Виктор Аполлонович подвел Гришу к инспектору и сам остановился рядом.
Инспектор не сразу перестал смеяться, и у Гриши отлегло на сердце: ну, с Лаврентием Лаврентьевичем все обойдется. И какой веселый он сегодня! Гриша тоже улыбнулся - а на лице инспектора начала медленно проступать досада: сперва он нахмурился, потом покраснел слегка, и наконец сивые его глаза стали совсем грозными. Даже на большой перемене не дадут человеку отдохнуть, покурить как следует, отвлечься! Вот извольте, занимайтесь скучнейшим делом, распекайте этого пучеглазого.
- Ты чему радуешься? - спросил он строго.
- Я не радуюсь, - ответил Гриша; улыбка с его лица и в самом деле исчезла.
Подошел маленький Мухин, сказал равнодушно:
- Поймали соколика, - и снова отошел.
За это короткое время Гриша успел собраться с мыслями. Надо рассказать при всех, как было дело. И тогда Стрелецкого не похвалят!
Он уже открыл рот, но инспектор перебил:
- Молчи! Ишь, что придумал: мелом бросаться с лестницы.
Гриша растерянно замер с открытым ртом. Какой мел? Что-то речь зашла не о том... Ошибка?

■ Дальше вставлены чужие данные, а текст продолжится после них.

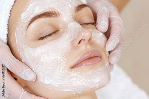 Relaxing facial treatment for Hispanic woman in a professional spa setting
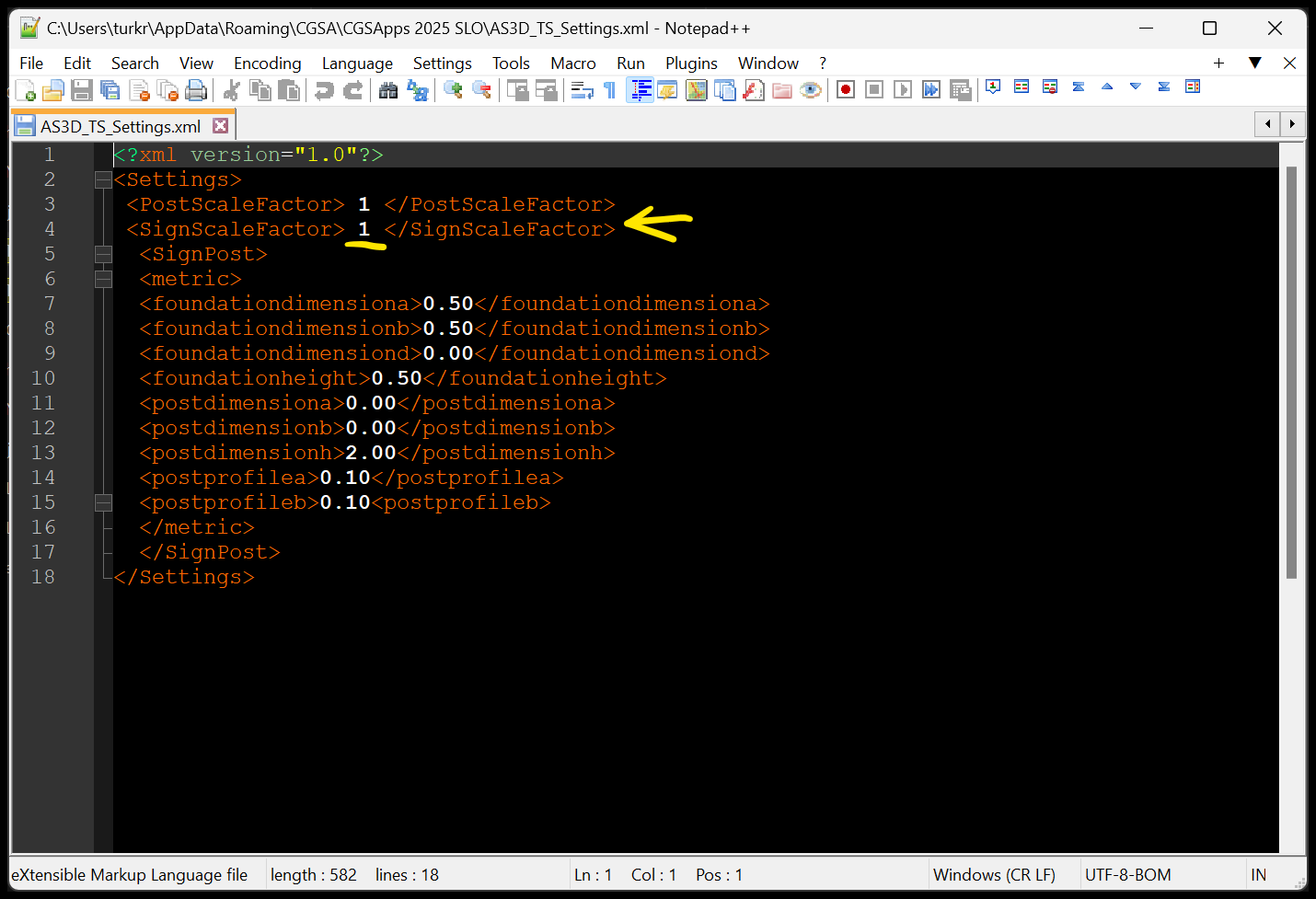 - Open it (xml or text editor) and edit the SignScaleFactor tag, change this value to the one that suits you

- Бросался мелом?! - крикнул Голотский.
- Нет, не бросался.
- Значит, и врешь к тому ж! Ты в Виктора Аполлоновича попал куском мела и не извинился. Значит, дважды виноват. А соврал - трижды виноват.
- Я не вру.
- Выходит, Виктору Аполлоновичу почудилось, что ли? Нет, ты, братец, я вижу, лгать научился!
Стрелецкий осторожно кашлянул:
- Совершенно справедливо изволили заметить. Это за ним водится.
Гришу будто ударили с размаху. Не удержать мыслей, все плывет куда-то неуловимо... И слов не подобрать...
- Ты что молчишь! - закричал инспектор. - Извинись сейчас же перед Виктором Аполлоновичем. Ну, а за мел да за вранье придется отсидеть два часа без обеда.
- Нет!
- Что "нет"?
- Не извинюсь я перед ним.
Голотский даже встал со стула, разглядывая Шумова в упор.
- Да ты что, ополоумел?
Крита молчал.
- Не извинишься - запишем в кондуит.
Гриша поднял взгляд на Стрелецкого. У того лицо было, как лицо. Выпуклые глаза казались затянутыми легкой дымкой - задумчивые глаза.
Гриша повторил громко:
- Нет!
- Виктор Аполлонович, составьте кондуитную запись - построже - за скверное поведение. И пусть отсидит четыре часа без обеда. Разделите по два часа на день. Достаточное наказание?
Стрелецкий помедлил... Потом вздохнул:
- Что ж... пожалуй, пока что достаточное.
На лице Григория Шумова отразилось такое горестное смятение, что Голотский поглядел на него внимательно:
- Что, недоволен? Ну, братец, сама себя раба бьет, что нечисто жнет. Иди!
И он снова грузно уселся на стул, отвернулся. Ему уже не до Гриши - у инспектора таких, как Шумов, четыреста человек.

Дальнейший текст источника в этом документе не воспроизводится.